Tuesday, December 25, 2018

Book Review: Beat Me Til I'm Famous by Billy McCarthy




If you’ve read Motley Crue’s The Dirt or seen the Penelope Spheeris documentary The Decline of Western Civilization Part II: The Metal Years, you probably have a good idea what it was like to be in a hair metal band in L.A. in the late ‘80s.

But you didn’t learn about the day to day drudgery, desperation, and infighting that the struggle for a record contract entailed.

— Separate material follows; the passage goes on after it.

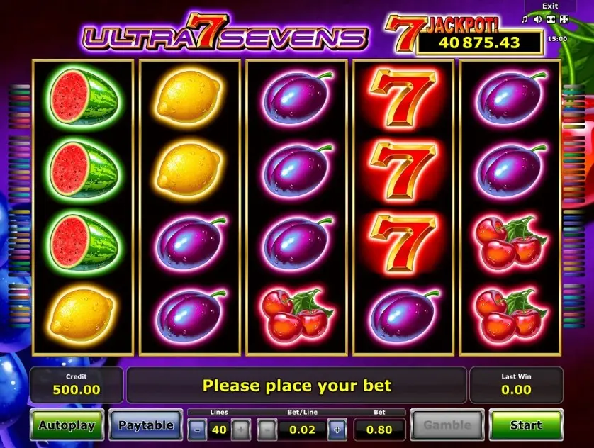 Ultra Sevens è una slot machine creata da Novomatic. In base al numero di giocatori che la cercano, Ultra Sevens non è una slot molto popolare. Questo, però, non significa necessariamente che sia una cattiva slot: provala e decidi tu, oppure esplora i giochi da casinò più popolari.

Billy McCarthy’s Beat Me Til I’m Famous follows the career of a third-tier (or fourth-tier, depending on your criteria) hair metal band called D’Molls. McCarthy was the band’s drummer, and he went by the name Billy Dior. The book offers a blow-by-blow description of what it was like to be in a hometown band (or bands), and finagle your way out of the Midwest to make in big in mid/late 1980s L.A.

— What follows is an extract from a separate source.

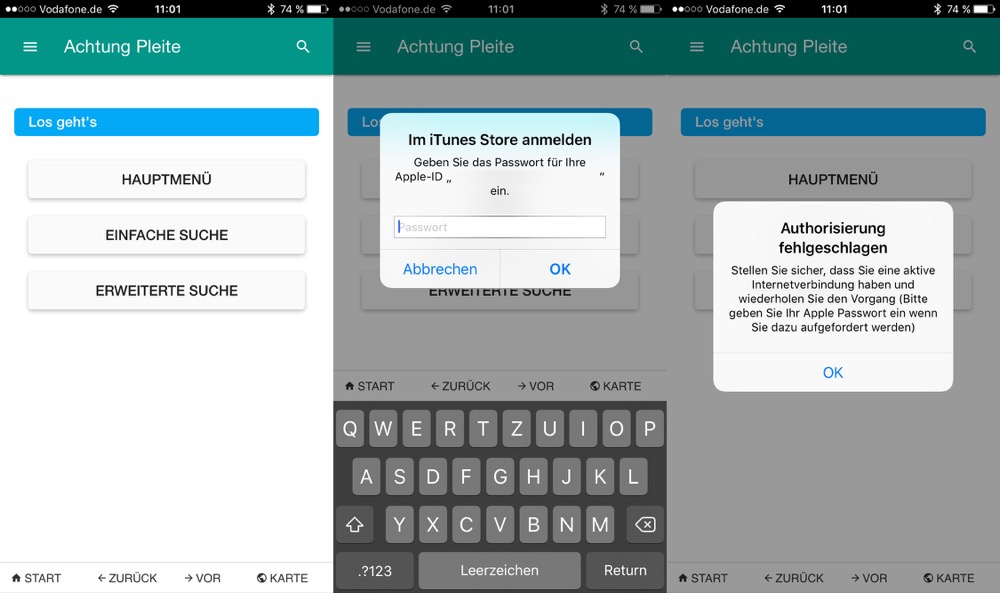 Soweit ist es in unserem Test aber gar nicht gekommen: Nach jedem Fingertipp auf den Suchen-Button erscheint eine Meldung, das Passwort für die Apple-ID einzugeben, obwohl die App bereits vorher zum regulären Preis gekauft wurde. Auch von der bei In-App-Käufen bekannten Touch-ID-Option fehlt jede Spur. Da nicht abzusehen ist, was nach der Eingabe des Passworts mit den Daten passiert, haben wir den Test der ansonsten nutzlosen App an dieser Stelle abgebrochen.

McCarthy joined the D’Molls in the mid-'80s in Chicago, and they soon moved to L.A. to vie for a recording contract with hundreds of other bands. By the time they signed to Atlantic Records, the public’s appetite for guys with big hair and makeup who sang about sluts was fading. And, of course, there were the usual management and record company screw-ups that added to the band's bad fortune.


The side characters in Beat Me Til I’m Famous are often as interesting as the main players. There’s Rodney’ Dangerfield’s songwriter son, Brian, various shady record company people, managers, groupies, professional rock star girlfriends, sneaky, cutthroat band members, drug dealers, and pushy hangers-on. In fame-hungry Hollywood, there was always someone willing to give a band money and a place to crash, and hope to get a piece of the action if the band made it.

Beat Me Til I’m Famous captures the sleazy minutiae of the hair metal era with an intelligence and self-awareness you wouldn’t expect to find from someone in that scene. 

In 2011, McCarthy sued Poison over authorship of "Talk Dirty to Me" and some other songs. The D’Molls Wiki entry says the lawsuit was settled with McCarthy receiving an “undeclared sum”, but this is the only mention I’ve found online about any settlement. (McCarthy played in a band called Screamin’ Mimis with C.C. Deville  in 1984.)